Kanjeng Nabi Muhammad Saw junjungan kami panutan kami teladan kami menuturkan peta: “Ya Rasulullah! Siapakah yang paling berat ujiannya? Beliau menjawab, Para Nabi kemudian orang-orang yang semisalnya, kemudian orang yang semisalnya. Seseorang akan diuji sesuai kadar (kekuatan) agamanya. Jika agamanya kuat, maka ujiannya akan bertambah berat. Jika agamanya lemah maka akan diuji sesuai kadar kekuatan agamanya.”
“Jadi, ya Allah, apakah kami harus memperlemah kadar atau kualitas keagamaan kami, agar ujian dari-Mu menjadi lebih ringan dan tidak seberat ini?”
Dan Engkau menjawab: “Dan sungguh akan Kami berikan cobaan kepadamu, dengan sedikit ketakutan, kelaparan, kekurangan harta, jiwa dan buah-buahan. Dan berikanlah berita gembira kepada orang-orang yang sabar.” (Al-Baqarah).
Sedikit ketakutan, kelaparan dan kekurangan harta. Ya sih. Trauma Corona ini sama sekali tidak semenakutkan badai es di zaman Nabi Hud, gempa total di untuk masyarakat Luth atau banjir bandang sepertiga bumi seperti yang menimpa ummatnya Nabi Nuh. Sekarang ini masih bisa shalat dengan tenang, bahkan lebih khusyu’. Masih bisa bercengkerama guyon-guyon dengan istri, suami dan anak-anak.
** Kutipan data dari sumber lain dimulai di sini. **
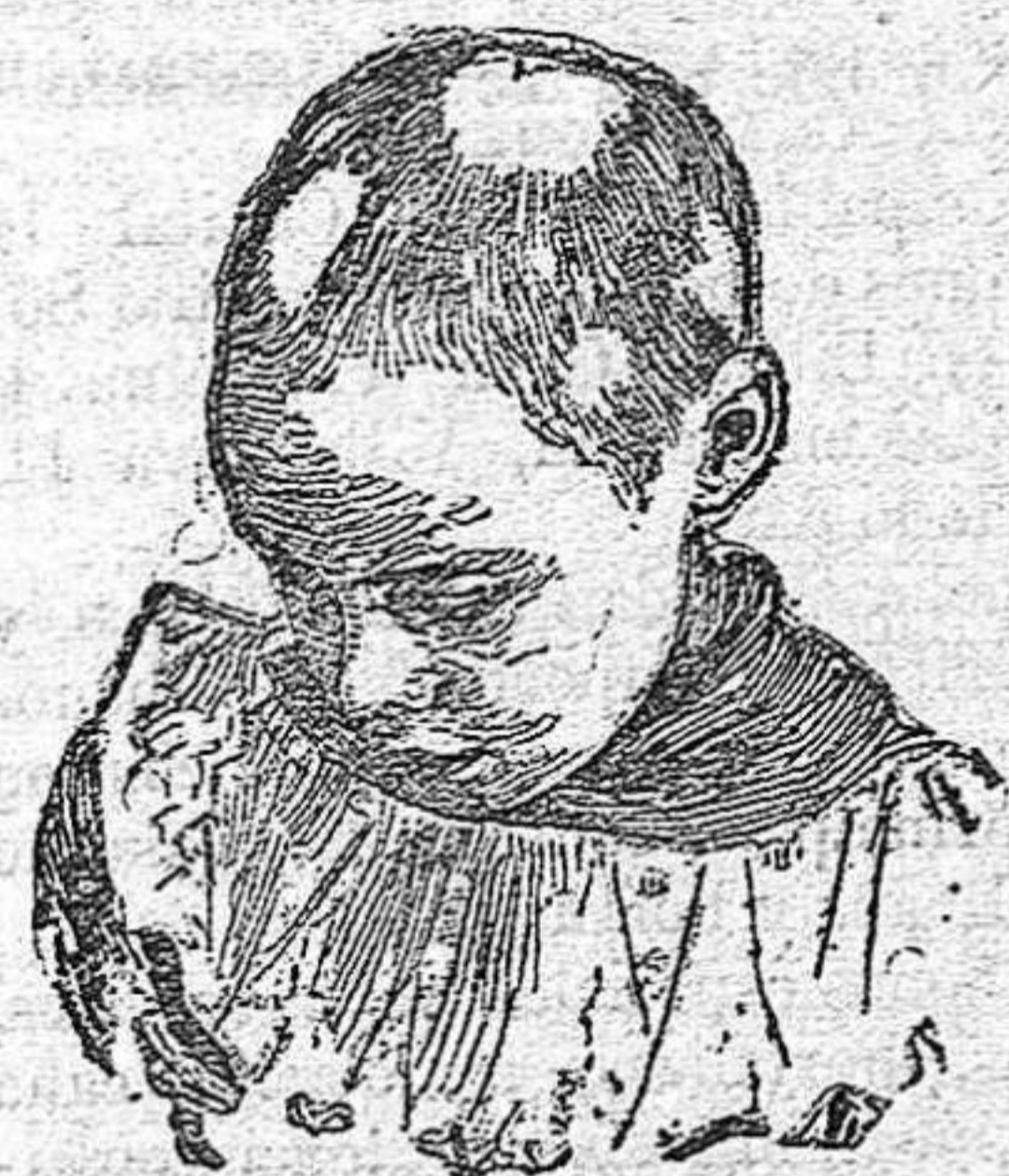
Antes de usar el Capilhol.

Masih bisa rembug keluarga setiap hari.
Masyarakat masih bisa bernapas lapang panjang, hati tenang dan pikiran lebih tertata. Malah sekarang ini peluang yang luar biasa untuk membenahi batin, menata hati, menjernihkan pikiran. Pantas jargonnya Maiyah adalah “Menata Hati, Menjernihkan Pikiran”. Jangan-jangan pedoman itu yang menyebabkan virus Corona datang untuk rekonfirmasi keteguhan hati dan jernihnya pikiran kita semua.
Tidak bisa ke Mal, tapi kan tidak ada satu saja dari 25 Rasul yang pernah ke Mal. Tidak bisa ke warung atau restoran. Tapi Nabi siapa yang dulu hobinya “marung” atau “andok jagongan di warung”. Tidak bisa pengajian akbar, Maiyahan massal. Tetapi kan juga tidak ada Nabi Rasul siapapun yang Sinau Bareng massal, pakai workshop-workshop dll. seperti Maiyahan selama ini.
Mungkin besok atau lusa mulai berlaku stratifikasi kaya-miskin yang populer dalam Sosiologi Indonesia. Sekarang sudah tidak bisa “makan di mana”, tapi masih bisa “makan apa”, meskipun lewat GoFood atau perangkat online lainnya. Kemudian kalau Corona tidak pamit-pamit juga, masyarakat akan tiba pada level “apa makan.” Hari ini masih ada celengan untuk beli makan. Tapi kalau besok tidak ada makanan yang bisa dibeli gimana?
Nanti kalau tiba waktu bahwa ummat manusia sedunia benar-benar merasakan kesengsaraan, para Khalifatudunya, para pemimpin yang bertanggung jawab atas kehidupan dunia, harus memperjelas: Coronavirus ini peristiwa alam, adzab Tuhan, ataukah hasil ulah manusia sendiri?
Yang mana: “Demikian itu disebabkan oleh perbuatan tanganmu sendiri. Sesungguhnya Allah sekali-kali tidak menganiaya hamba-Nya.” (Al-Anfal). Ataukah: “Maka pastilah putusan (adzab) Tuhan kita menimpa atas kita; sesungguhnya kita akan merasakan (adzab itu).” (As-Shaffat).
Kalau sejak hari ini hingga sebulan lagi tidak ada kejelasan “Wedus Gembel Global” ini siapa produsernya, maka sungguh manusia memang tidak bisa diandalkan.[ind]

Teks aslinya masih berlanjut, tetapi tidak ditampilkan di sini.